Os pais pobres, muitas vezes, esperam que os filhos arranjem um emprego o mais rápido possível. Para ajudar a sustentar os irmãos. Não fazem por que amam menos seus filhos do que a classe média. Fazem porque essa é a realidade deles.
Valorizar a carreira do magistério é mostrar aos alunos da escola pública que a licenciatura é uma alternativa profissional para eles. Melhor se tiverem vocação, mas que deve ser levada com seriedade e competência mesmo se for apenas um emprego. 
Aliás, qual é o problema de estudar para ter emprego? Algum médico ou engenheiro estuda para não ter emprego? Todos os médicos têm vocação para cortar gente, curar gente, lidar com o sofrimento? Sem contar a dificuldade de aferir se, aos 16, 17, 18 anos, idade em que os alunos entram na universidade, a vocação, para qualquer carreira, está consolidada.
Existem milhões de alunos, que poderiam ser os melhores, abandonados à própria sorte, só contando, para aprender o mínimo, com os professores que representam para eles a chance de serem inseridos à enciclopédia cultural e científica.
Por que não nos concentramos nesses professores, heróis anônimos que estão em sala de aula? Ah, não se faz política pública com heroísmo, dirão alguns. Bobagem, só se transforma a realidade com heroísmo e responsabilidade individual. 
Tornar os professores que estão na sala de aula mais eficazes e mais estimulados é uma meta que pode ser cumprida pelos responsáveis pela formação dos licenciandos, pelos pesquisadores, pelos gestores municipais, estaduais, por organizações como Todos pela educação. O governo federal, inclusive, tem se empenhado nesse sentido  
O que é problemático é que as estatísticas só consideram renda.

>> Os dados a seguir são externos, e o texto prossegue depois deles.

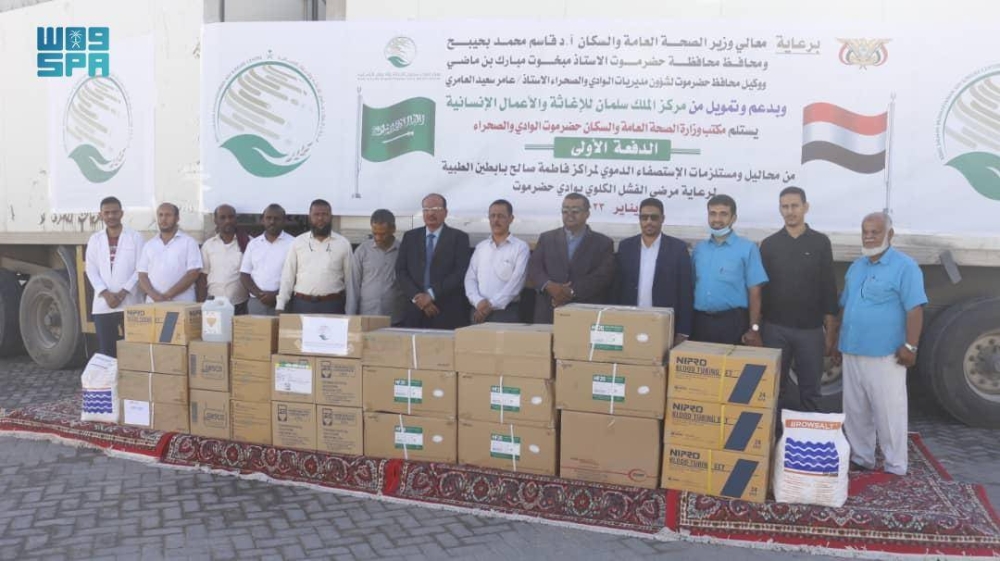 كما سلّمت المملكة مركز الكلية الصناعية، بمستشفى الشحر العام بمحافظة حضرموت، محاليل ومواد الغسيل الكلوي، وذلك ضمن إطار حرص المركز على استمرار خدماته الإنسانية، المقدمة لمرضى الفشل الكلوي باليمن.
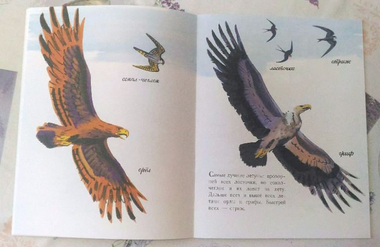 Формат маленький. Красочные рисунки птиц. Фазан, лебедь, утка, канарейка.... Ну очень красивые! Под русским названием птиц написано название на английском, без транскрипции.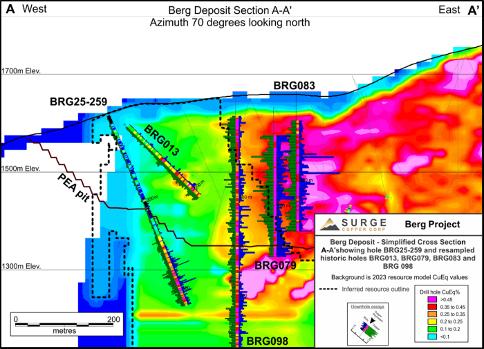 Figure 4. Cross section A – A’ showing drill hole BRG25-259 and historic holes BRG013, BRG083 and BRG098 which were resampled in 2025. See Figure 3 for cross section location.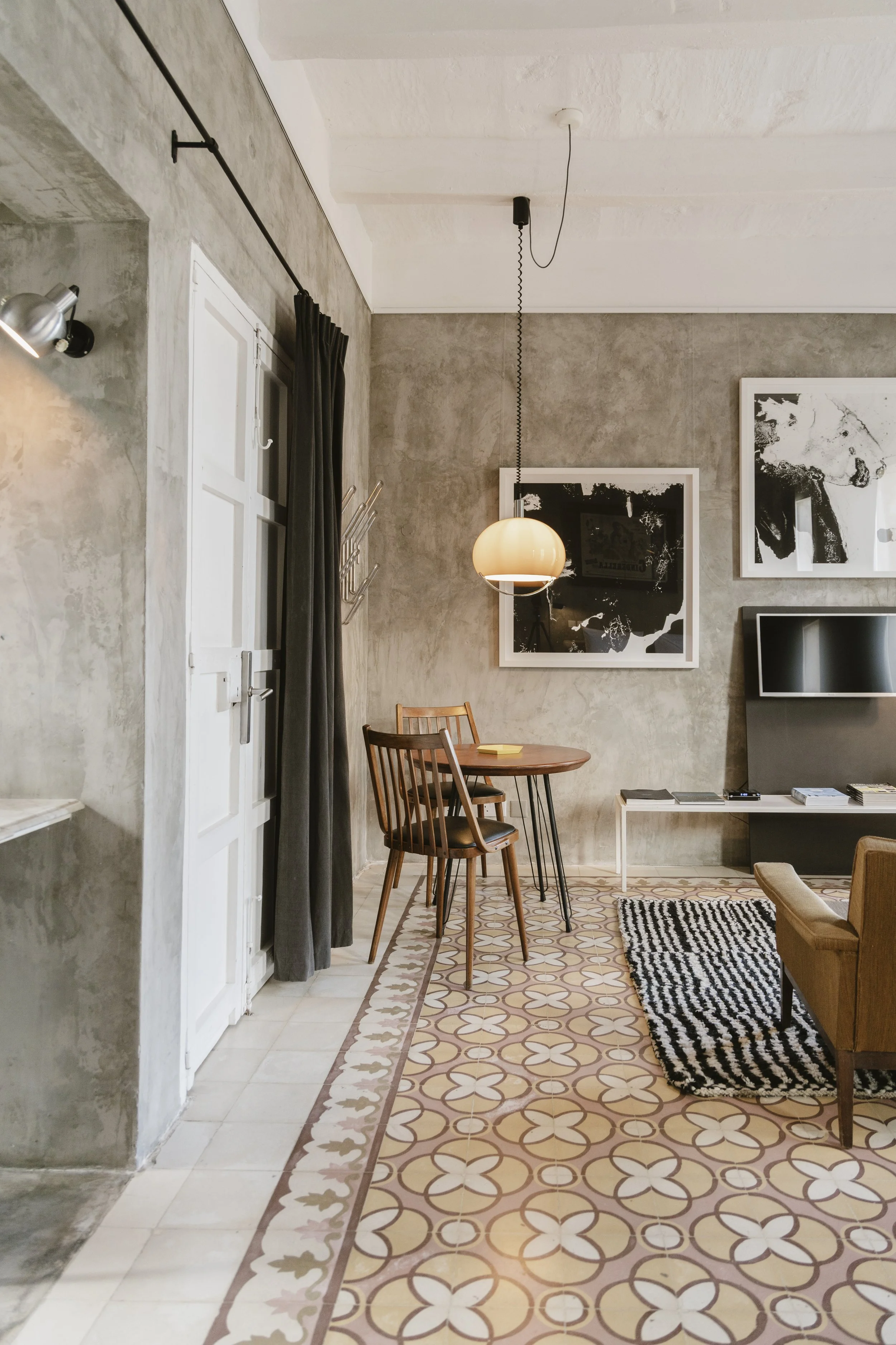 A busy architects’ studio previously, ATELIER is located on the second floor and enjoys sea views with direct sunlight from its south-facing windows and traditional 'gallarija'. The minimal interior furnishings are a mix of lightweight steel & timber objects set on original patterned tiles and furnished with retro & designer pieces.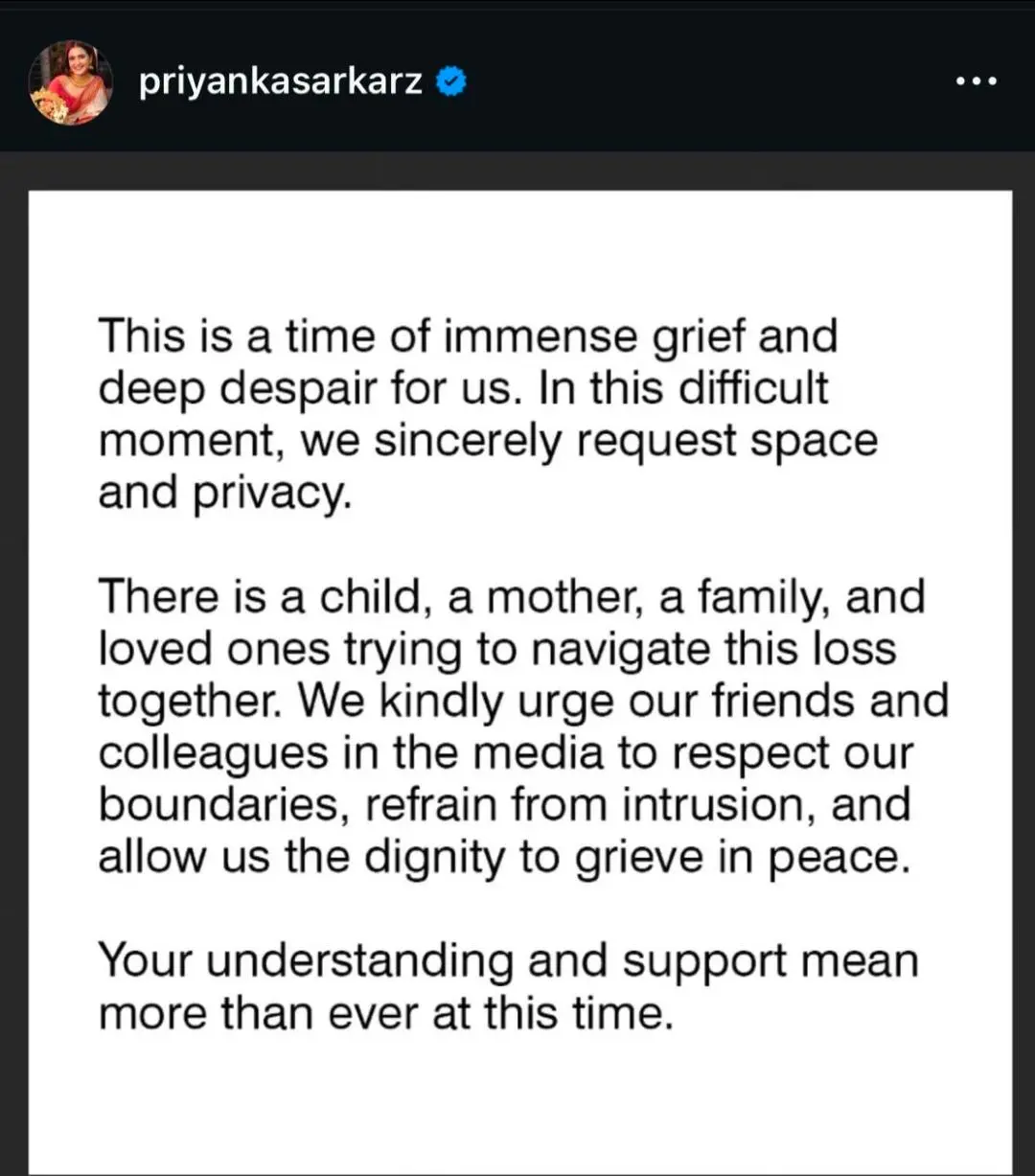 সমাজমাধ্যমে এদিন প্রিয়াঙ্কা লেখেন, "এই সময়টা অত্যন্ত শোকের, আমাদের জন্য দারুণ হতাশার। এই কঠিন সময়, আমরা প্রাইভেসি চাইছি।" তিনি এদিন তাঁর ইনস্টাগ্রাম পোস্টে আরও লেখেন, "একজন সন্তান, একজন মা, একটা পরিবার এবং প্রিয়জনেরা একসঙ্গে এই বড় ক্ষতির মোকাবিলা করার চেষ্টা করছি। আমরা আমাদের বন্ধু, সহকর্মী এবং মিডিয়াকে অনুরোধ করব সীমা মেনে চলার। আমাদের একান্তে শোক পালন করতে দিন। আশা করব আপনারা এটা বুঝবেন। আপনাদের সহযোগিতা এই সময় একান্ত কাম্য।"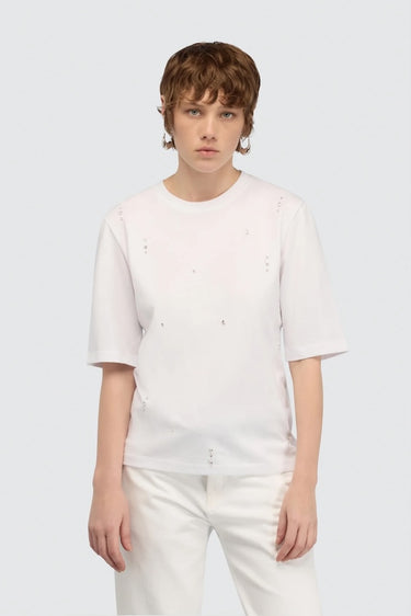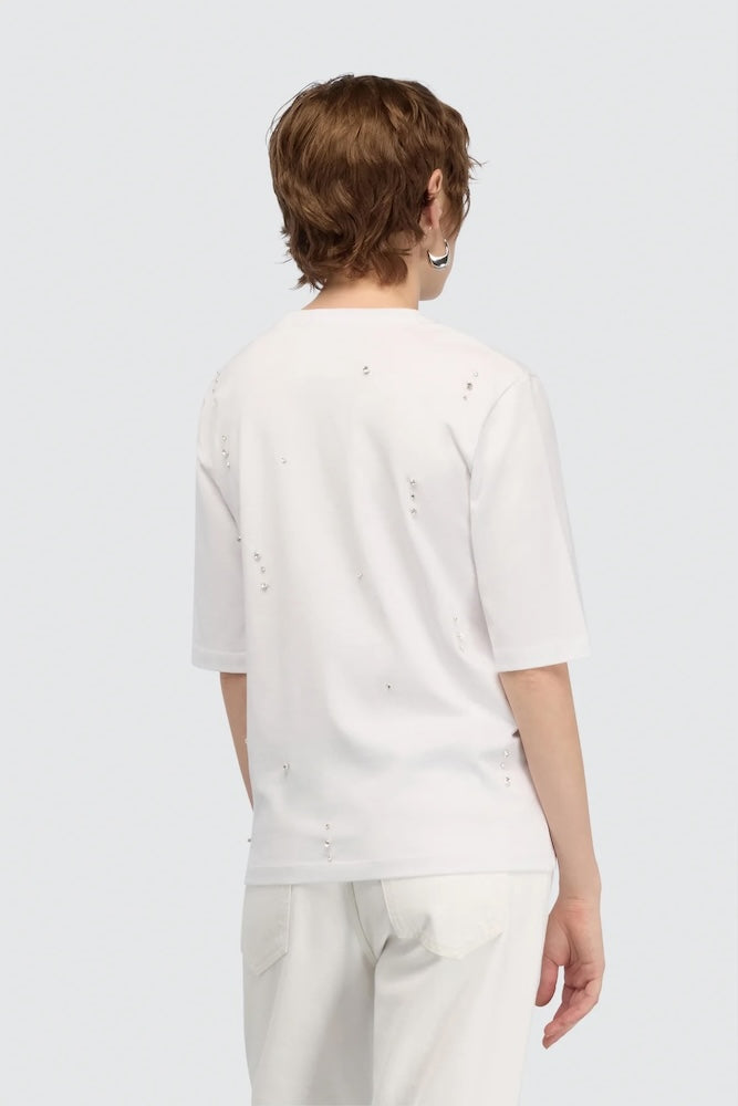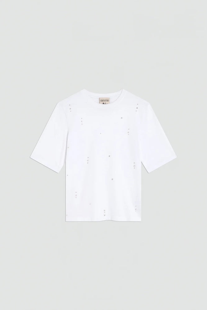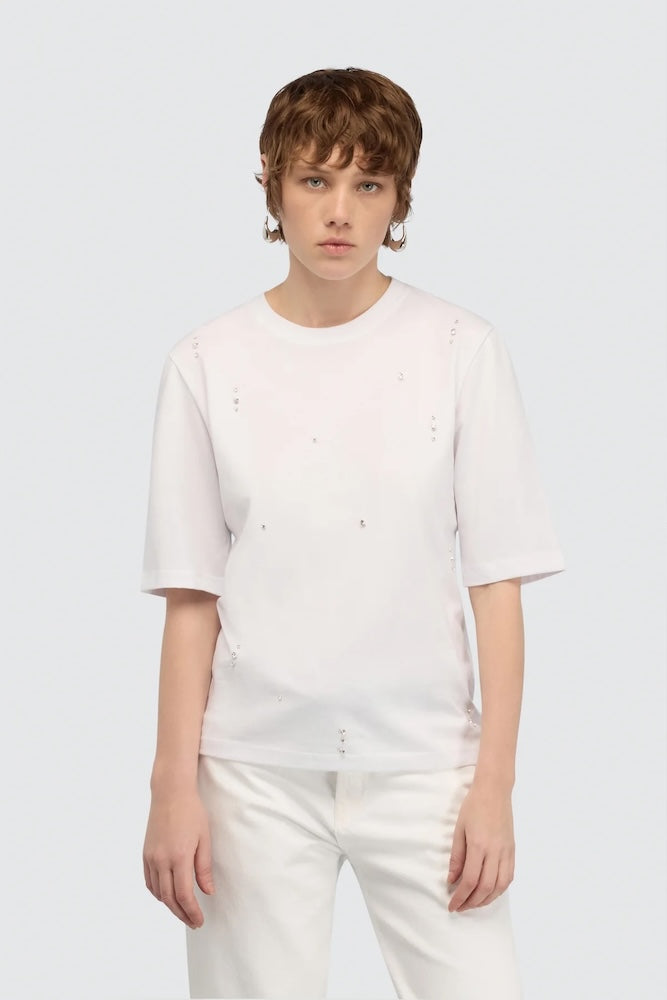 COTTON T-SHIRT EMBROIDERED WITH CRYSTAL-EFFECT FACETED RHINESTONE. REGULAR FIT.

Talvez porque a mentalidade vigente entre os formadores de opinião, inclusive os que lidam diretamente com licenciandos, é a de que a questão salarial é o mais importante.
Comparar salário de professor com o de médico rende manchete, mas não resolve nem o problema da educação, nem o do desemprego entre jovens que terminam o ensino médio e param de estudar. Não resolve também a desvalorização da categoria.